Brand rankings provide a great snapshot of who’s at the top of the charts. But like all snapshots, viewed in isolation they can miss the mark. Like the Top 40 music charts, who’s at number one this week doesn’t really help you understand the important stuff, like whether an artist feels like they are on the rise, relevant right now or unique (or, as we say at Kantar, whether they are ‘meaningfully different’).

While Crazy Frog road-blocked no. 1 (Axel F, 2005, spending four weeks at the top beating Coldplay’s Speed of Sound. You’re welcome!), it doesn’t really help us understand its potential as the future of music. Nor should we look to brand rankings alone to divine a brand’s future prospects.

In order to understand that, we need to be careful not to confuse the most ‘valuable’ brand with the brand with the ‘strongest equity’.

Take Vodafone, BrandZ’s most valuable UK brand in 2020. A quick glance beyond the ‘no. 1’ headline reveals that its brand value has halved since 2009. It trails sixth in brand power behind competitors like O2, Sky, Virgin and EE in the UK. Why? It lacks meaningful difference.

So, a valuable brand, absolutely, but a brand with strong future prospects – not so much. The lesson here is to look beyond the ego validation of boardroom $ valuations, and get down and dirty, understanding the dynamics that make consumers tick by asking them – something only BrandZ’s methodology does.

Sure, measuring financials is important, but measuring what real people think – and why – is arguably more important as a predictor of future success. This is where the deepest value of brand measurement lies, in looking at the dynamics fuelling the speed and scale of trajectory.

Looked through this lens, BrandZ’s Top 75 UK Brands report makes fascinating – and alarming – bedtime reading. Shooting up the rankings are Ocado (+63% value), Deliveroo (+40%) and Just Eat (+19%), along with newcomers like Boohoo and Revolut.

The reason for this? All were propelled by strong ‘difference’ scores. But that’s something that is increasingly rare.

In fact, the report reveals an uncomfortable truth. UK brands are suffering from a brand differentiation crisis, losing ground to global competitors and with meaningful difference in freefall. We have gone from having eight brands in the Top 100 to just three. In three years’ time, we predict there will be none.
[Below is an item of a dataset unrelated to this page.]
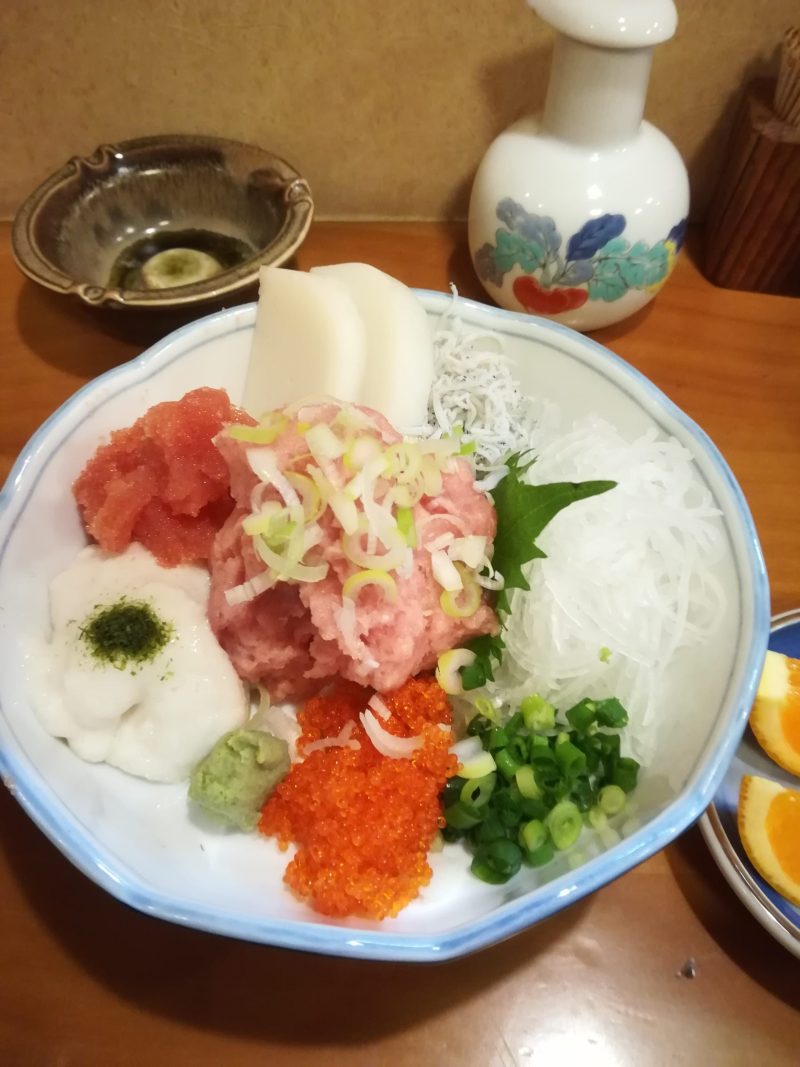 これだけでご飯2杯は食べられるネギトロ。かまぼこ2切れ、シラス、たらこ、山芋、とびっこです
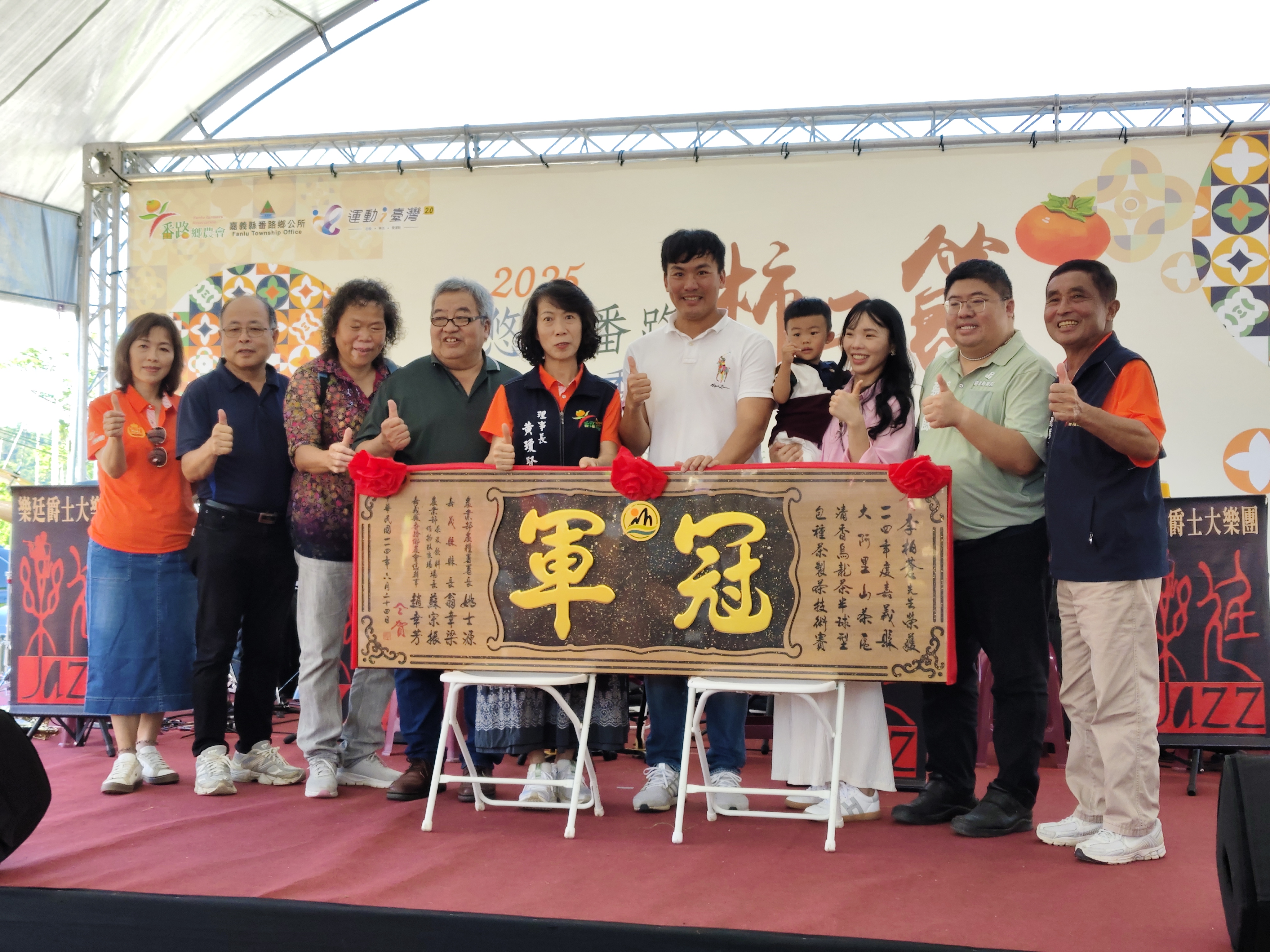 番路鄉農會柿季茶鄉魅力綻放表揚四健會員技術交換競賽優秀人員。(圖/記者任芳葵攝)農糧署南區分署長賴明陽指出,番路柿子品質與產量皆居全台之冠,農糧署將持續在冷鏈系統、產銷輔導及品牌推廣上提供協助,讓番路農產品走向國際市場。嘉義縣政府農業處長許彰敏則表示,番路柿子占全國產量七成,縣府將持續推動加工升級與地方創生,打造兼具經濟與文化的「嘉義農業品牌」。

This shows UK brands are losing their way. They have a weakening connection with customers, and therefore their ability to drive profitable growth. It’s a flashing red warning sign.

Thankfully, the great thing about measuring brand value dynamics is you are also able to identify the strongest growth drivers, and it’s clear there are four qualities UK brands need more of. They need to communicate more creatively; innovate more meaningfully; take more responsible actions; and digitise more daringly.

These are the critical qualities that transform business value to ensure they play a role on the global stage in the future – qualities that provide marketers with a mission-critical role in the boardroom.

It’s a role that has never been more essential, made all the more urgent at a time when every budget is under scrutiny.

If ever there was a time for marketing to make the case for its commercial value in protecting, building and growing business it’s right now, and, in that light, putting a hard financial value on how brands build business has never been more important.